In the wind, the building moaned. Behind apartment walls, dogs, housebound and restless, scuffled along the floors like rats, and the cat on the fourth floor screamed from boredom. In my apartment, I got a sweater and a bottle of Scotch and went back up to Ricky's to lock the window.
The plastic bag was still on the kitchen counter, so were the white lines of powder. I had a gun and I checked the bedroom, the bathroom, slamming doors hard, the noise intended to warn off any creeps. I could have called in some outside help, but with the snow everyone was working overtime. I didn't want to call the Taes if I didn't have to; they had enough grief.

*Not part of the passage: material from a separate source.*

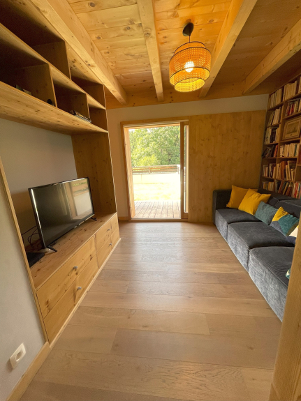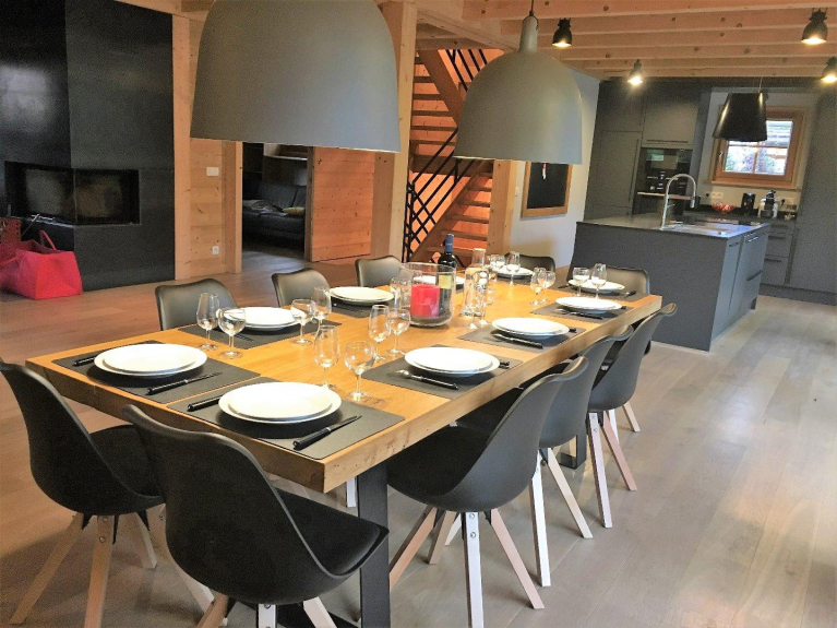 La pièce de vie de 100 mètres carrés dispose d’un salon confortable avec cheminée et d’un salon TV indépendant. La cuisine équipée vous permettra de préparer de délicieux repas que vous pourrez déguster dans la salle à manger ou sur la terrasse en bois, de plein pied plein sud : bonhommes de neige l'hiver et repas en extérieur dès que le temps le permet. Nous mettons à votre disposition appareils à raclette, pierrade, fondue savoyarde.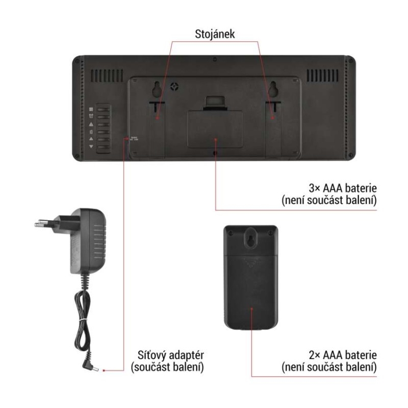 napájení stanice3× 1,5 V AAA (nejsou součástí balení)

I turned out the lights, pulled a sheet off a leather chair in the corner of the room, put the Scotch on the rug, the gun on my lap and sat down to wait in the dark. Whoever had been in the apartment earlier would be back to get the goods. I was sure of it.
Sitting in the dark, I thought about Pansy. If I didn't help her, she would be next. She would be dead like her friend Rose. “I'm next.” Where was she, I wondered? Maybe she was already dead. Maybe there was a serial killer out there in the city who liked hitting Chinese girls. Maybe there was some gang thing in Chinatown going on that I could never penetrate, never understand. Maybe it was the kid who asked Mike about me. Maybe it was the guy who took the pictures. Mr Snap.